When powering low-frequency transformers, asynchronous, synchronous motors seen loss of power by 20-30%. This "defect" is converted into thermal energy, overheating the devices.
Inverters with a pseudo-sinusoidal signal are compact and affordable. Their use is appropriate for powering devices without inductive loads, designed to consume the active components of electrical power.
This group includes: thermoelectric heaters, incandescent lighting systems and other resistive structures.
Modified sine variants: 1 - complicated form of the meander with a pause, 2 - approaching the pure sine by increasing the number of transitions
The shape of the output signal is indicated in the passport of the inverter or bespereboynik. Possible notation: “Back” - a guarantee of the absence of a pure sine, “Smart” - the probability of obtaining a quality current at the output.
Some manufacturers in the accompanying document note the harmonic coefficient (nonlinear distortion index). If the parameter is less than 8%, then the unit produces an almost perfect sine.
Single phase and three phase models
Single-phase inverters are predominantly embedded in a household photovoltaic system with a standard voltage of 220V.
The range of the output voltage when connected to one phase in different models ranges from 210-240V, the output frequency is 47-55 Hz, the power is 300-5000 watts.
Single-phase inverters are available for standard battery voltage values of 12, 24, and 48 V. In order for the converter not to function at the limit of possibilities, it is necessary to coordinate the power of the “converter” with the voltage of the solar battery or battery.
Range of dependence of battery characteristics (voltage - V) and solar converter (rated power - W): 12 V - within 600 W, 24 V - up to 1.5 kW, 48 V - over 1.5 kW
Three-phase inverters are used to supply three-phase current, providing power to the electric motors.
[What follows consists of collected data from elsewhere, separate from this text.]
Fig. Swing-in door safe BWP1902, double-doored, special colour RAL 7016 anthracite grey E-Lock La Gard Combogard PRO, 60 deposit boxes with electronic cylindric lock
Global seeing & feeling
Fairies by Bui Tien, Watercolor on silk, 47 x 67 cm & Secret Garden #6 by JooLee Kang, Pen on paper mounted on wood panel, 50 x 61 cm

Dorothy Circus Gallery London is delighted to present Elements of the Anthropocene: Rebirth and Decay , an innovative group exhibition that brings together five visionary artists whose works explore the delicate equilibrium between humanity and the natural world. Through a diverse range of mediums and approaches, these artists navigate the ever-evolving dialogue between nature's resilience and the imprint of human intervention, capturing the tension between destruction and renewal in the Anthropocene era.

Primary application - production, workshops, commercial purpose.
Three phase inverters are distinguished by high power (3-30 kW), a wide range of output AC voltage (220V / 400V).
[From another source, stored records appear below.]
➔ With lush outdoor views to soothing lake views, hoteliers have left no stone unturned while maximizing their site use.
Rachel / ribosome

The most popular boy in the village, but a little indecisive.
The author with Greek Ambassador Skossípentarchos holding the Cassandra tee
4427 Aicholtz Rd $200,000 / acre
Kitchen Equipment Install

On the market there are also combined models. These include single-phase inverters with the ability to synchronize the outputs of the converter with a phase shift - this allows you to supply three-phase loads. We considered all types of technology for current conversion from solar panels in our other article.
Solar inverter selection options
The efficiency of the converter and the entire electrical supply system largely depends on the correct choice of equipment parameters.
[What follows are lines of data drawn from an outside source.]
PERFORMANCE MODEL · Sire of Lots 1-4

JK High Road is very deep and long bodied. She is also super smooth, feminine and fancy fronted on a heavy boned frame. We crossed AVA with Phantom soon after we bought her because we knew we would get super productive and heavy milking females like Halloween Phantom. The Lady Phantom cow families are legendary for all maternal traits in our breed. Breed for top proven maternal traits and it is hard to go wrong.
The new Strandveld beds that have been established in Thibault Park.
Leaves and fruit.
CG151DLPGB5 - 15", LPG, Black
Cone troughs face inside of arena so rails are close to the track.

In addition to the above characteristics should be evaluated:
- output power;
- type of protection;
- operating temperature;
- installation dimensions;
- availability of additional functions.
Consider further all these characteristics in more detail.
Criterion # 1 - device power
The value of the "solar" inverter is selected on the basis of the maximum load on the network and the estimated battery life. In the starting mode, the converter is capable of delivering a short-term increase in power at the time of commissioning capacitive loads.
This period is typical when turning on dishwashers, washing machines or refrigerators.
When using lamps of lighting and the TV the low-power inverter on 500-1000 W will approach. As a rule, the calculation of the total power of the equipment being operated is required. The desired value is indicated directly on the instrument case or in the accompanying document.
The resulting value is desirable to increase by 20-30% - this will be the required output power of the inverter. For example, the total power of the equipment is 500 W / h, the battery life is 5 hours. Calculation: 500 W / h * 5h * 1.2 = 3000 W / h
Criterion # 2 - level of protection
A quality solar inverter should have several protection levels. Possible options: forced cooling system, short circuit warning, protection against failures and voltage surges in the network.
It is important - the presence of a sealed reinforced case, preventing the ingress of dust particles, moisture. The electrical equipment protection rate is standardized according to IEC-952 standardization.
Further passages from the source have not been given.